PKK officials blame the Kurdistan Freedom Falcons (TAK) for recent bomb attacks in Istanbul and Turkey’s sea resorts. They say the TAK is a dissident group that recognizes Ocalan as its leader, but not the authority of the PKK.

Turkish officials in turn say the TAK is just a cover for the PKK.

But McDowall said it is unclear what link exists between the two organizations.

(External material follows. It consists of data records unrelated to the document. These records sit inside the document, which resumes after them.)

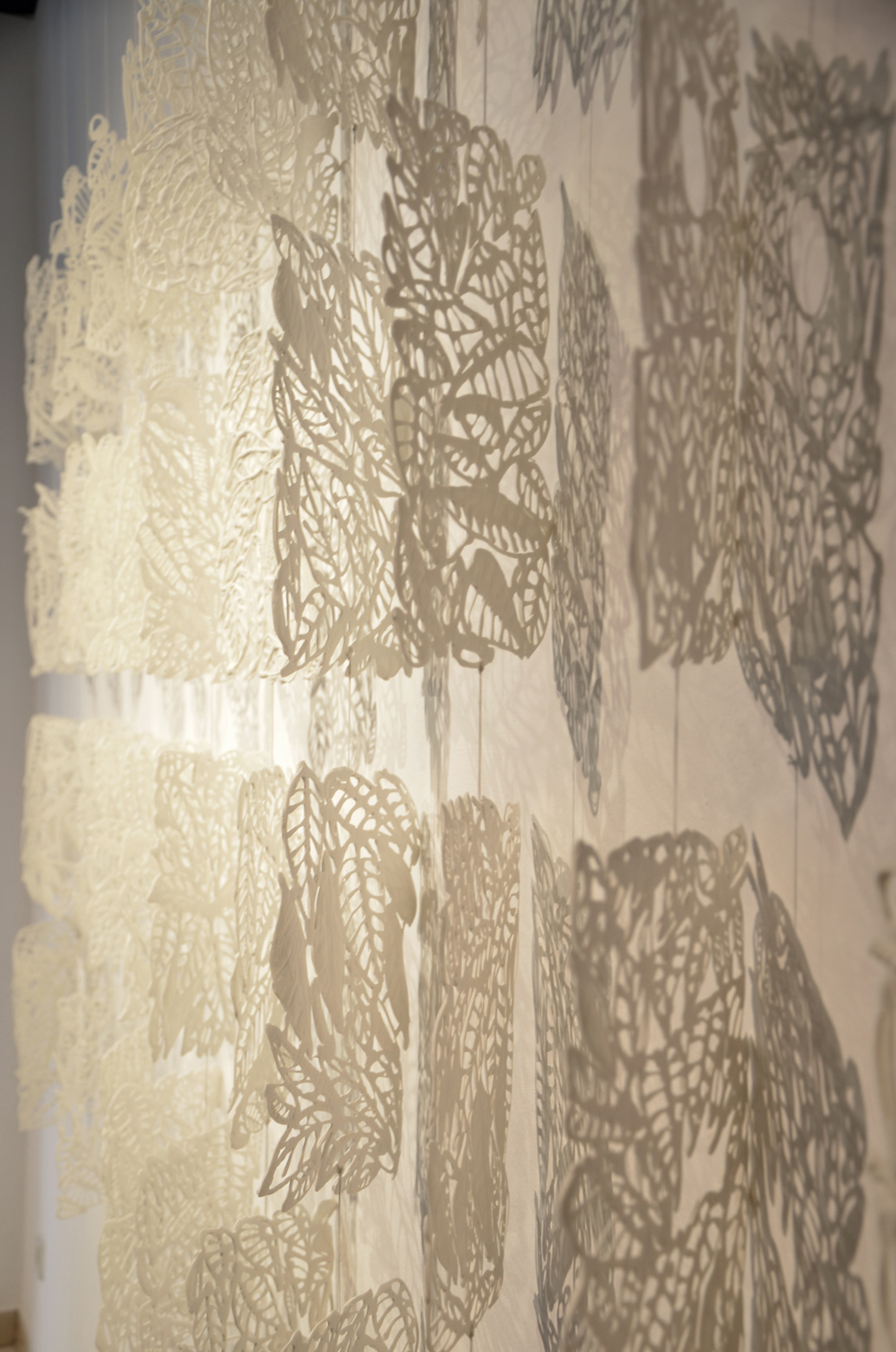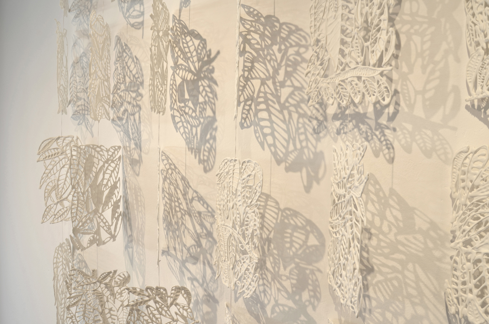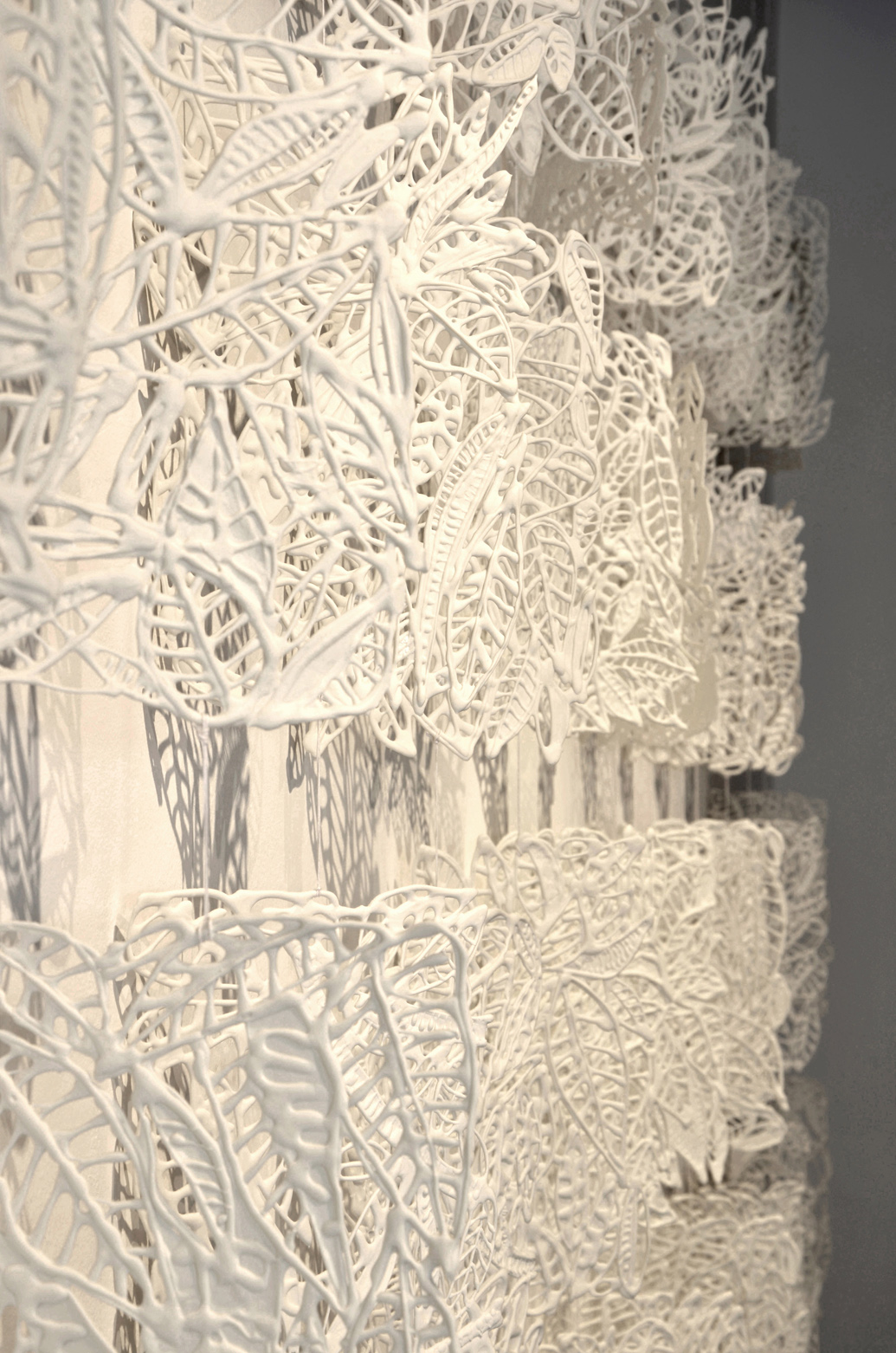 A partir de la fragmentació d’una fotografia del taronger que veig des de la finestra del meu estudi, plantejo aquesta composició de 48 peces realitzades mitjançant una barbotina de porcellana. Les peces de porcellana projecten la seva ombra sobre la paret, creant el meu particular komorebi.
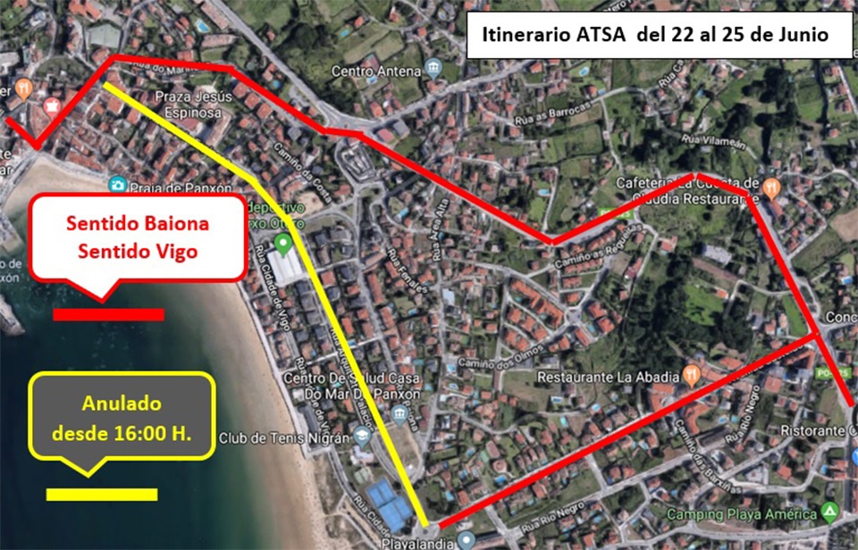 O Concello de Nigrán informa que durante as festas de Panxón, do 22 ao 25 de xuño, a parada do autobús ATSA do Pavillón Municipal quedará anulada dende as 16:00 horas en diante. O percorrido desde esa hora en sentido Baiona será por rúa Mariñeiro cara a Estrada pola Vía e Avda. Castelao; e en sentido Vigo, dará volta en Castelao, regresará por Estrada pola Vía e baixará por Mariñeiro.
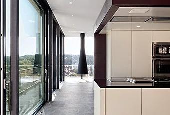 La casa esta construida en una fuerte pendiente, por lo que se aprovecharon los niveles, y esto a favorecido aprovechar hermosas vistas desde los grandes ventanales.
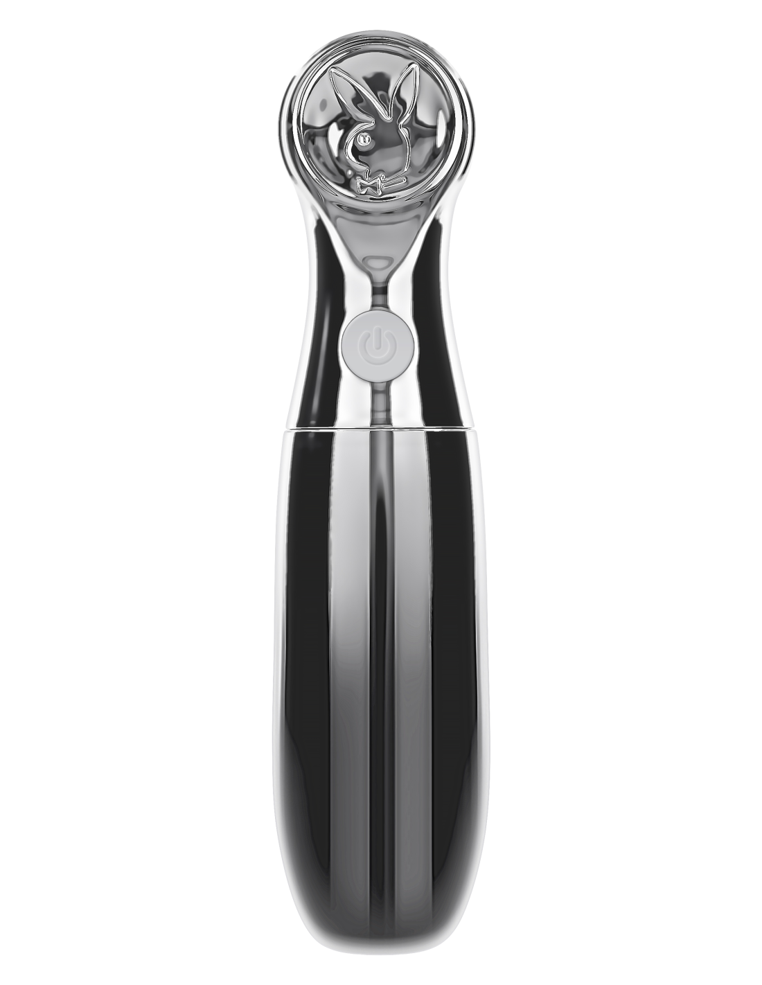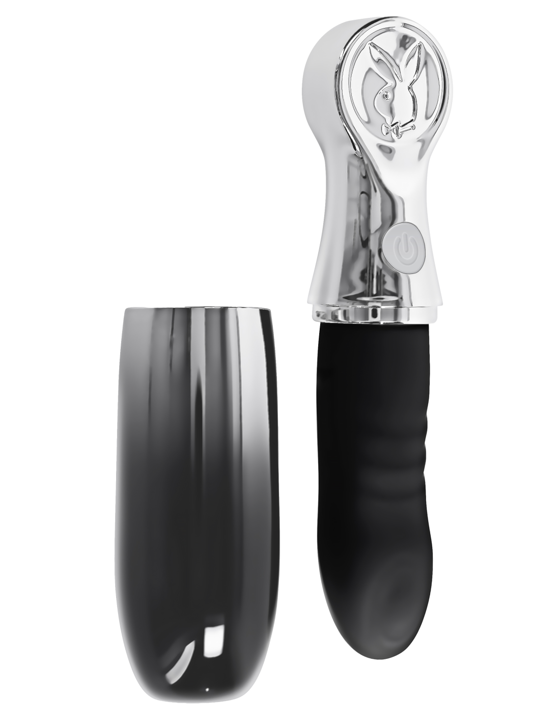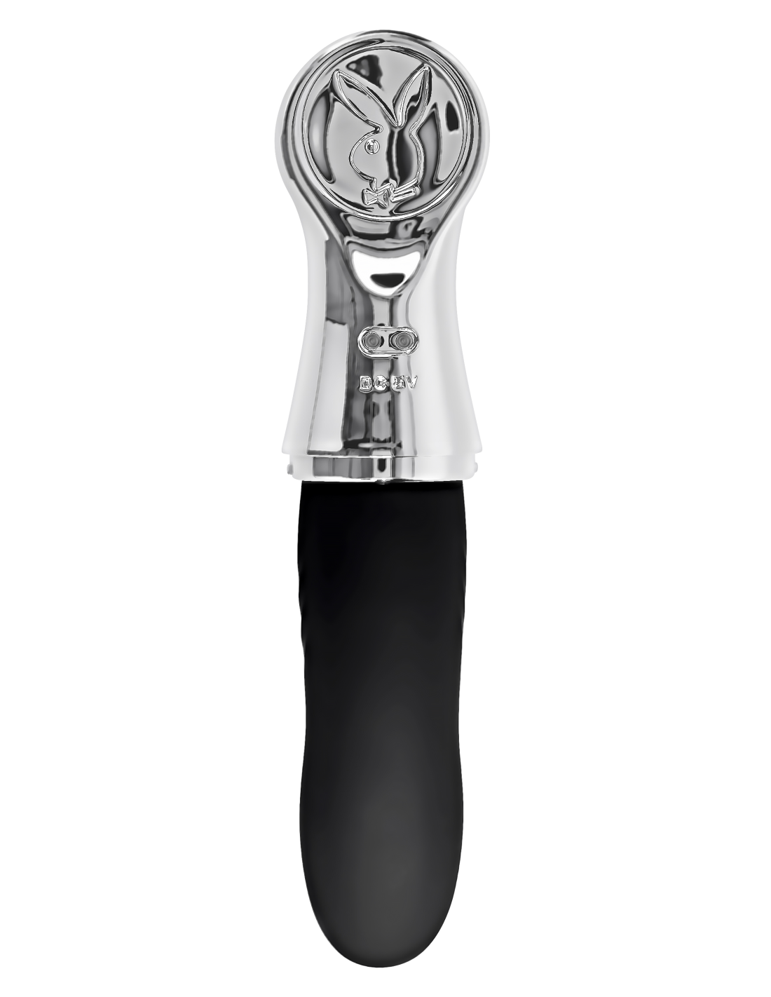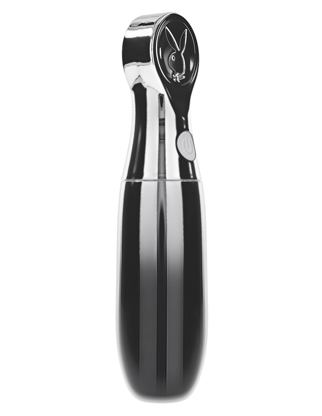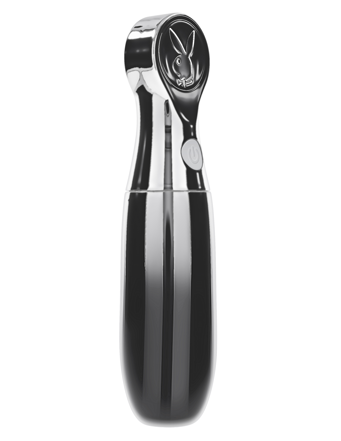 Bon Voyage! We’ve got your travel adventures covered with this powerful tapping toy you can pop into any purse, bag or carry-on luggage for pleasure on the go! The chunky shaft is ribbed for extra sensation and comes to a head with 7 speeds and rhythms of tapping in the beautifully angled tip. With its ombre chrome carrier that twists into place right underneath the ergonomic Playboy rabbit head, your toy is fully protected until you pull it out for play time whenever you like. Heading to the hot tub? Bon Voyage can join your water games as it’s completely submersible!

He said he believes the Kurdish separatist movement might have split into different subgroups, much as the Irish Republican Army did in the late 1990s.

“This is kind of symptomatic of these movements that use political violence that, very often, a point comes where the mainstream decides that there is not more to be [achieved from] the political violence and the time to find alternative, diplomatic roots has now come and, therefore, they effectively abandon using violence," McDowall said. "And always, there tends to be a minority within the movement who break away because they are so wedded to the idea of political violence that they find it almost impossible to think in any terms, expect those of some kind of military victory – which tends to be pretty unrealistic.”

Whoever bears responsibility for the recent bomb attacks, regional experts agree that the solution to the Kurdish problem lies first and foremost in Turkey’s hands.

McDowall said that despite its shortcomings and whatever support it may enjoy in Anatolia, the PKK has, “for better or for worse,” succeeded in making Kurds throughout the country aware of their ethnic identity.

He said any further delay by Ankara in recognizing the existence of its Kurdish minority and relieving Anatolia's dire economic condition will inevitably lead to new outbreaks of violence.